**What you need to do:**
When you return the lines below, go from the first through the line with "Ali Nawaz(高兴),在计算机科学TOP期刊《Applied Soft", keep them exact, and leave out every picture.

**Supplied data:**

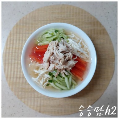 Combate el calor con este delicioso Chogye Guksu. Esta receta utiliza pechuga de pollo y caldo de fideos fríos para un plato refrescante y sabroso que puedes preparar fácilmente en casa, perfecto para cuando no tienes mucho apetito.
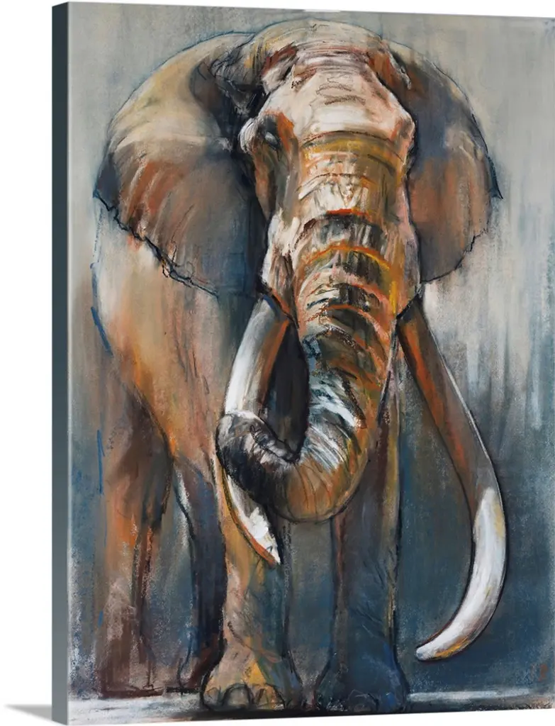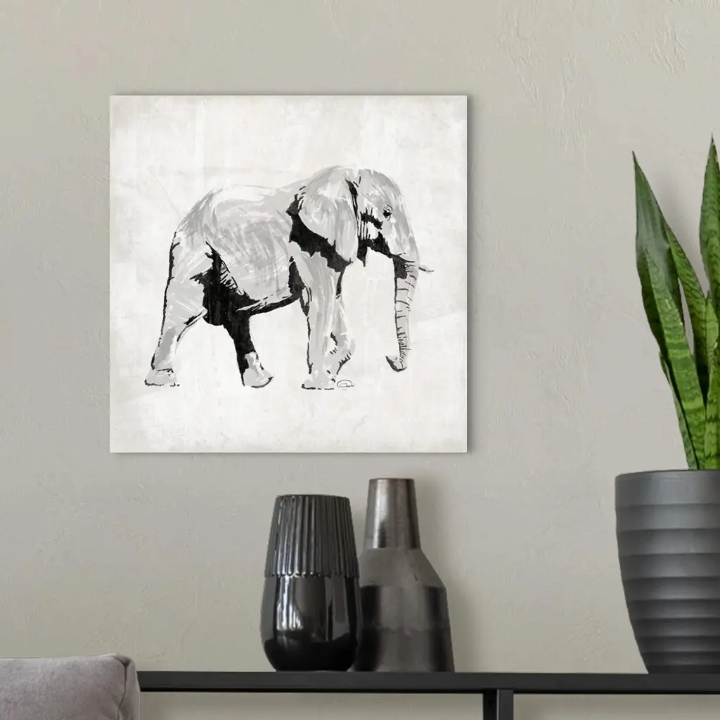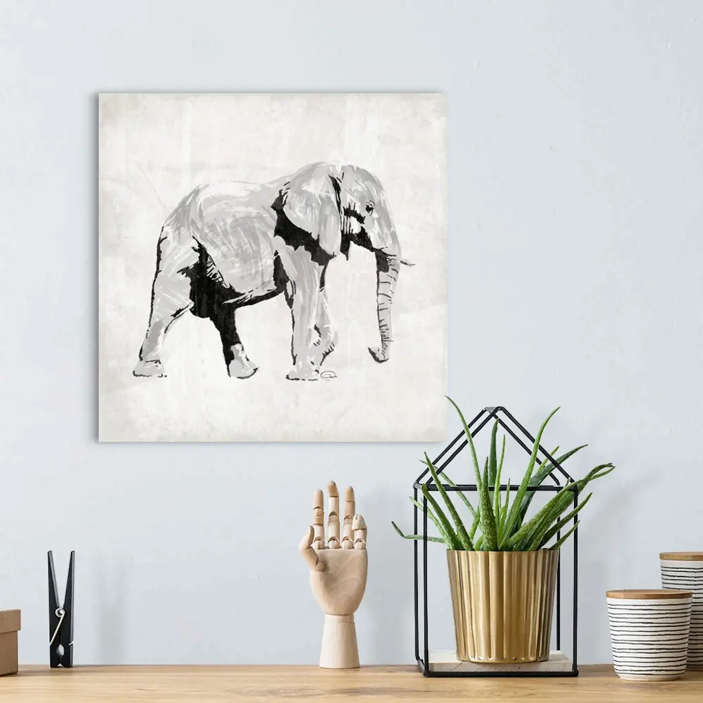 Contemporary piece of artwork with elephant facing the right lifting its left front front leg as if about to walk.
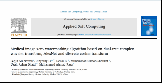 近日,海南大学信息与通信工程专业巴基斯坦籍博士留学生Saqib Ali Nawaz(高兴),在计算机科学TOP期刊《Applied Soft Computing》(中科院一区)在线发表了题为:《Medical Image Zero Watermarking Algorithm based on dual-tree complex wavelet transform, AlexNet and discrete cosine transform》的论文,提出了一种旨在保护敏感健康信息的医学图像零水印新算法。Saqib Ali Nawaz(高兴)为第一作者,402cc永利集团,402cc永利官网,402永利集团官网入口李京兵教授为通讯作者。
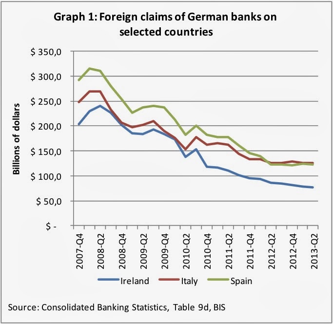 La prima indicazione che il peggio era ormai passato, è probabilmente stata il fatto che la Deutsche Bank non ha partecipato alla seconda operazione LTRO del febbraio 2012. Nel secondo trimestre del 2012, cioè il trimestre precedente all’annuncio di Draghi del programma OMT, i crediti delle banche tedesche nei confronti dei debitori spagnoli e italiani hanno toccato il minimo, e la tendenza al ribasso per quanto riguarda i crediti nei confronti dei mutuatari irlandesi è rallentata. Le banche tedesche hanno anche ottenuto tempo per l’attuazione dell’Unione bancaria e le sue diverse componenti. Qualunque siano i problemi che possono avere ora le banche tedesche, la loro esposizione verso i paesi europei in difficoltà non è ormai un problema importante, e forse non è affatto un problema. Ed esse non hanno alcun bisogno di fare prestiti a queste economie problematiche: hanno da alimentare un mercato immobiliare interno in pieno boom.
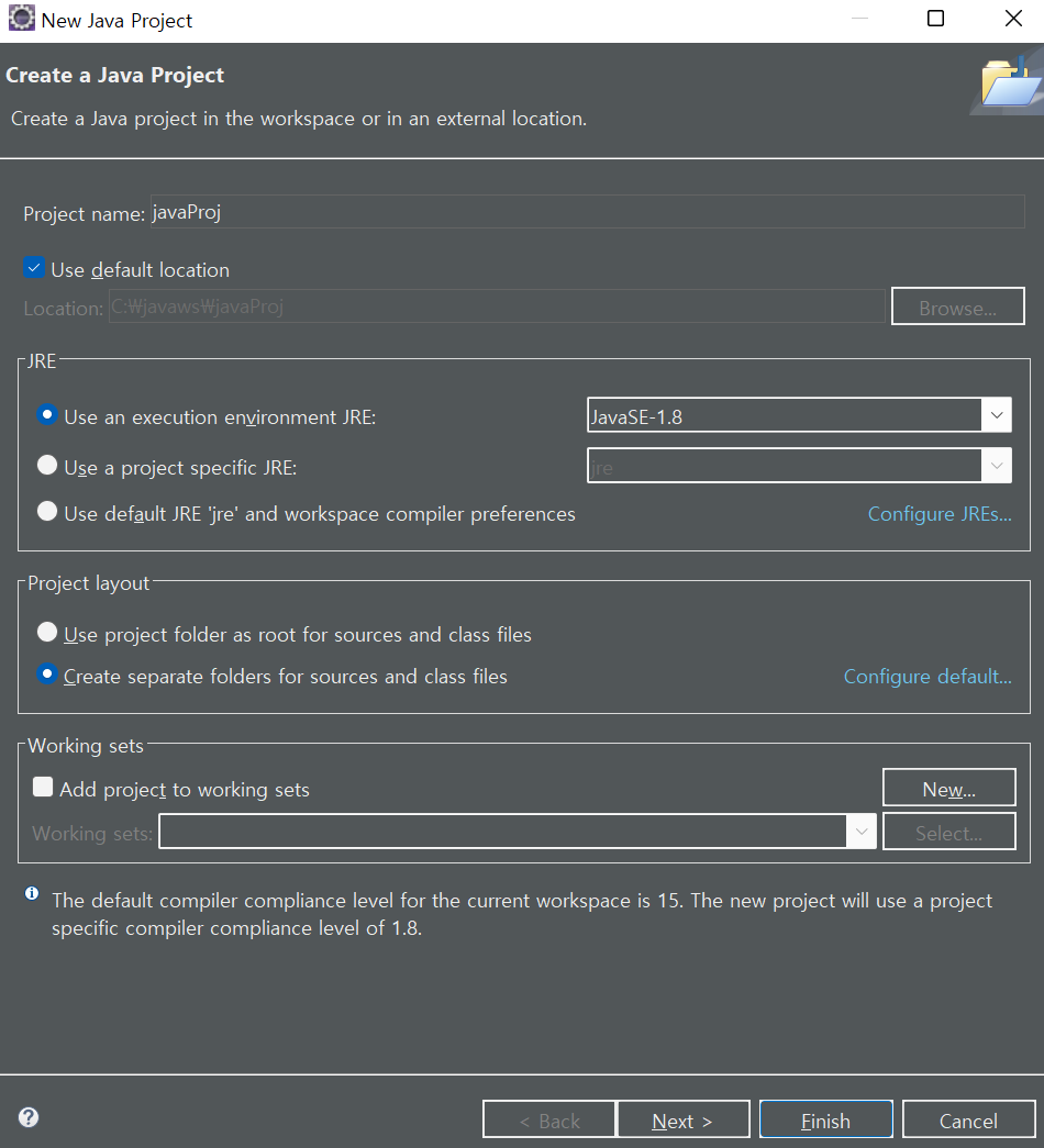 메뉴바에서 file - new - java project 클릭
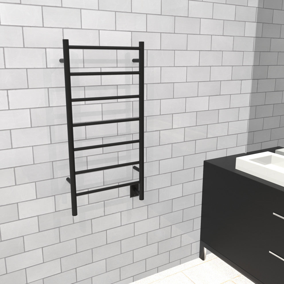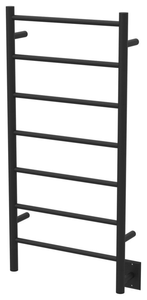 The Model F Straight in matte black has 7 straight horizontal bars and beautifully emulates the ladder style look. Unit takes 20 to 30min to heat up. Made of 304 stainless steel. 135 Watts, 1.25 Amps, 120V; 2 year limited warranty

**Written reply:**
 Combate el calor con este delicioso Chogye Guksu. Esta receta utiliza pechuga de pollo y caldo de fideos fríos para un plato refrescante y sabroso que puedes preparar fácilmente en casa, perfecto para cuando no tienes mucho apetito.
 Contemporary piece of artwork with elephant facing the right lifting its left front front leg as if about to walk.
 近日,海南大学信息与通信工程专业巴基斯坦籍博士留学生Saqib Ali Nawaz(高兴),在计算机科学TOP期刊《Applied Soft Computing》(中科院一区)在线发表了题为:《Medical Image Zero Watermarking Algorithm based on dual-tree complex wavelet transform, AlexNet and discrete cosine transform》的论文,提出了一种旨在保护敏感健康信息的医学图像零水印新算法。Saqib Ali Nawaz(高兴)为第一作者,402cc永利集团,402cc永利官网,402永利集团官网入口李京兵教授为通讯作者。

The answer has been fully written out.